In the '90s, the Teamsters tried to recruit Avondale workers, but the company defeated them. The Metal Trades Union, which encompasses affiliates like the International Brotherhood of Boilermakers and the International Association of Machinists, finally succeeded in 2000. Croome, Sanderfer, Thompson and Mercier were all heavily involved in the early contract negotiations.

Today, they each hold top positions in their unions: Croome and Thompson as, respectively, president and vice president of the New Orleans Metal Trades Council; Mercier as president of the local machinist union; and Sanderfer as president of the local boilermakers union.

As union leaders at Avondale, the men said they served as mentors for younger workers, guiding them toward the more lucrative skilled-labor jobs. They said they also helped institute a four-year apprenticeship program at Delgado Community College, which offers college-accredited courses in crafts like carpentry and metal work.
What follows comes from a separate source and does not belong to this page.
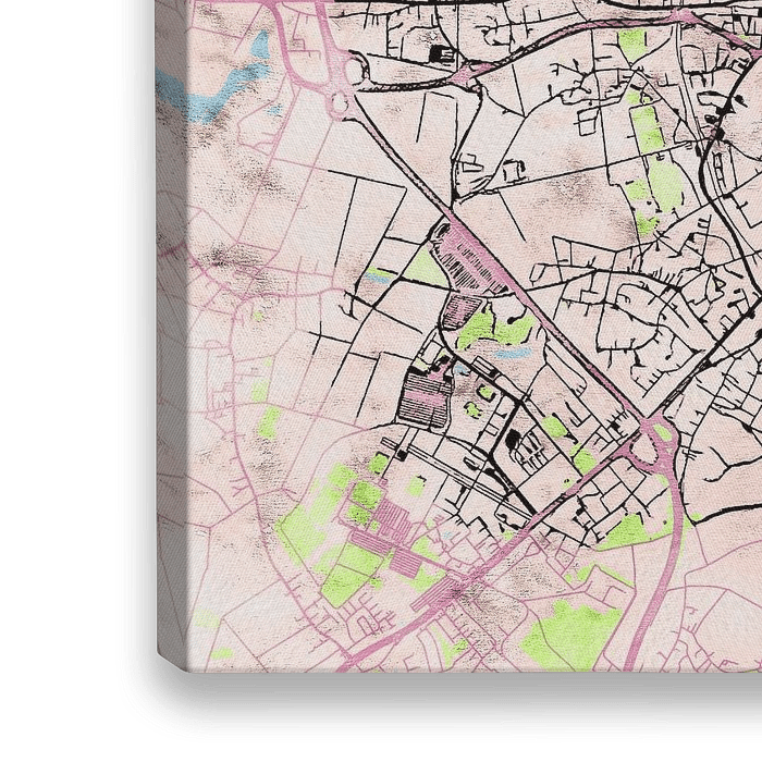Deze kaart van Mönchengladbach heeft de onze op maat gemaakte stijl “Soothing Spring”. Deze stijl is geïnspireerd door Japanse tekeningen van fleurige kersenbloesems. Met zijn levendige kleuren brengt deze kaart van Mönchengladbach uw kamer tot leven.

But given the recent layoffs at Avondale, the men voiced concern over the futures of their former apprentices. "I watched a lot of young guys come off the street, get their G.E.D.s, and go on to make $23.40-an-hour as skilled laborers at Avondale," Croome said. "Many of them can't make that kind of money elsewhere. I'm worried they're going to wind up back on the street."
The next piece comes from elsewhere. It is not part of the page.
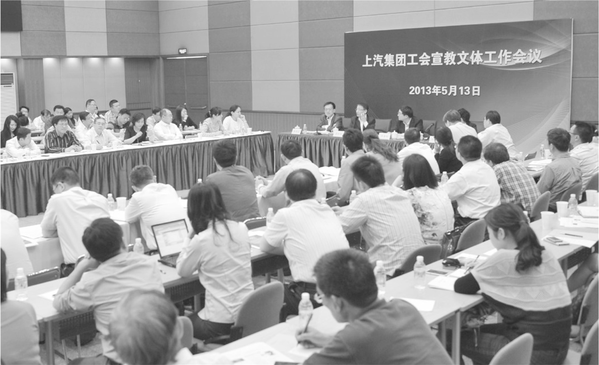 本报讯 上汽集团工会宣教文体工作会议5月13日在上海纳铁福传动轴有限公司员工活动中心召开。会议强调,各级工会要进一步探讨工会宣教文体工作如何在“大宣传、大教育、大文化”的工作格局中发挥作用,探索在新时期、新形势、新情况下工会宣教文体工作创新发展的新方法、新途径、新举措,以改革创新精神不断推进工会宣教工作做实、做细,真正发挥党联系职工群众的桥梁纽带作用。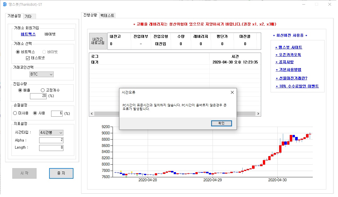 시간이 불일치한경우 각 거래소에서 가져오는 데이타값이 정확하지가 않으므로

Huntington Ingalls has offered a $10,000 relocation plan for former Avondale employees interested in joining its shipyard in Pascagoula, Miss., where an amphibious transport dock ship is now being assembled. But seniority accrued at Avondale is not transferable to Pascagoula, Croome said, meaning workers would have to take a pay-cut.

Perhaps as a result, few former Avondale employees have relocated to Pascagoula, Croome said. Those who tried the two-hour commute each way from New Orleans quickly wrote it off as unmanageable, he said.

Huntington Ingalls recently announced its intent to re-open Avondale's former outfitting yard in Waggaman, where ships built at the shipyard were modified and adjusted. In December, a spokesperson for Huntington Ingalls said the smaller yard could employ between 200 and 250 workers under a collective-bargaining agreement reached last fall. As yet, however, no new hires have been announced.

Sitting beneath a poster reading "America Works Best When We Say ... Union Yes," the former Avondale workers reflected on their departure from the shipyard after 40-plus years. Croome retired in October, and Thompson and Sanderfer each plan on retiring soon. But they still rise before daybreak -- Croome, who had a one-hour commute from Vacherie, at 3:30 a.m. -- ready to head to work.

"Some bad stuff happened, but it was a good job," Croome said, adding that he would have kept working at Avondale for another four or five years. "It was a place where you could be a middle-class worker and play a role in the community."

Croome wore a hat bearing the words "USS Somerset," the name of the 684-foot warship that passed sea trials in October. It is expected to be the last ship that Avondale builds.

"I'd get real attached to whatever ship I was working on," Croome said. "You always got a little sad when you saw it moving down the river without you."